I have two M2 bullets with 15dbi omni antennas. Both are on the same -2 channel and 5mhz band width. Distance between the two is about 3.5 miles. All other nodes (6+) are working ok.
- Node A is up about 140' and Node B is up about 50'. There is a clear line of sight between the two.
- Node A reports quality to Node B at LQ=100% and NLQ=9% (or less at times)
- Node A is also connecting to a similar bullet and omni at 16.3 miles distant. Distance set at 35,000 meters. LQ and NLQ 85%+ most of the time.
- Node B distance is set to 6,000 meters.
- When I can access Node B it reports the quality of Node A as LQ=15% and NLQ=100%
I have switched out bullet and antenna and ended up with similar results. I can only assume that there is some external factor that is affecting one or the other on that link. The questions are:
- Which one is suspect? I suppose Node B.
- What exactly is the LQ and NLQ telling me about which node?

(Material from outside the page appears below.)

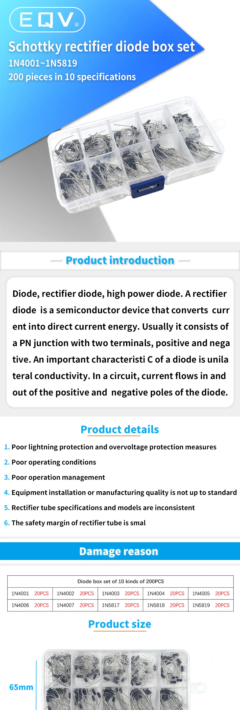 200 шт., 10 значений, выпрямительный диод, набор в ассортименте, 1N4001, 1N4002, 1N4003, 1N4004, 1N4005, 1N4006, 1N4007, 1N5817, 1N5818, 1N5819 + коробка
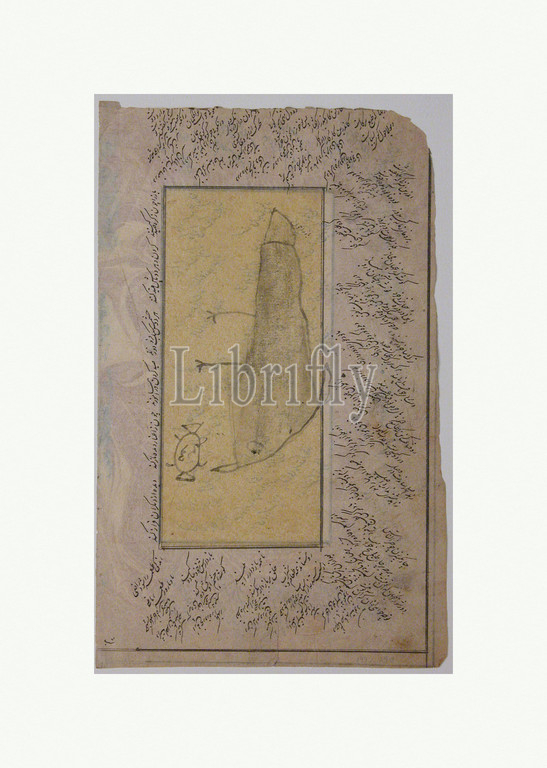Page, Calligraphy, Scribbled Bird, Insect?, 16th–17th century, Attributed, Iran, Ink, opaque watercolor, paper, 8 13/16 x 5 9/16in, 22.4 14.1cm, Codices

- What other suggestions might you have?
My next course of action is to relocate Node B about 60-70 feet from its present location, although the height may be slightly lower, and there will be an obstruction of about 15 degrees width in one direction. Maybe it is simply interference from the elevator shaft it is presently mounted on, even though the elevator hardly ever runs.
Mark
When looking at the status screen LQ is "Now good I hear a node that is remote" and NLQ is "How good does that node hear me" where "good" is defined by measuring the number of information exchange packets that are lost on the link.
What is being described is that Node B can only bearly hear node A.
Items that can possibly cause this:
Node B has strong signals locally (such as another node inside a building, or on a car parked next to it that decrease the signal quality of Node A. or even other stray RF/EMI (its even possible for another wifi device to have bad filtering and be leaking out of band)
If on the latest beta builds a wifi scan will show wifi signals of each individual node and you can see if this node is down lower than the rest. You would also want this signal value to be compared against the Noise Floor, if the noise floor is lower at the tower but higher at node B node B will naturally have harder time receiving.
Node B could have terrain local to it that either blocks or reflects (multi-path) the incoming signal (trees, maybe even the elevator shaft if it has a large amount of metal).
These are just some starter items to look at.
My best guess is that on top of a building right at 400 feet away and 45 degrees left of line with Node A there is a rooftop with about 20 or so sector antennas of unknown frequencies facing all directions. May be WiFi interference?
The Node B antenna is only about 3 feet above the elevator shaft rooftop, but I cannot imagine what could be doing it.
Mark
Hey Mark,
One of the things we could do is take a Rocket M2 with AirOS installed on it to that site. We can use the AirView (spectrum analysis tool) to sniff and see if there are any devices on 2397Mhz in the area.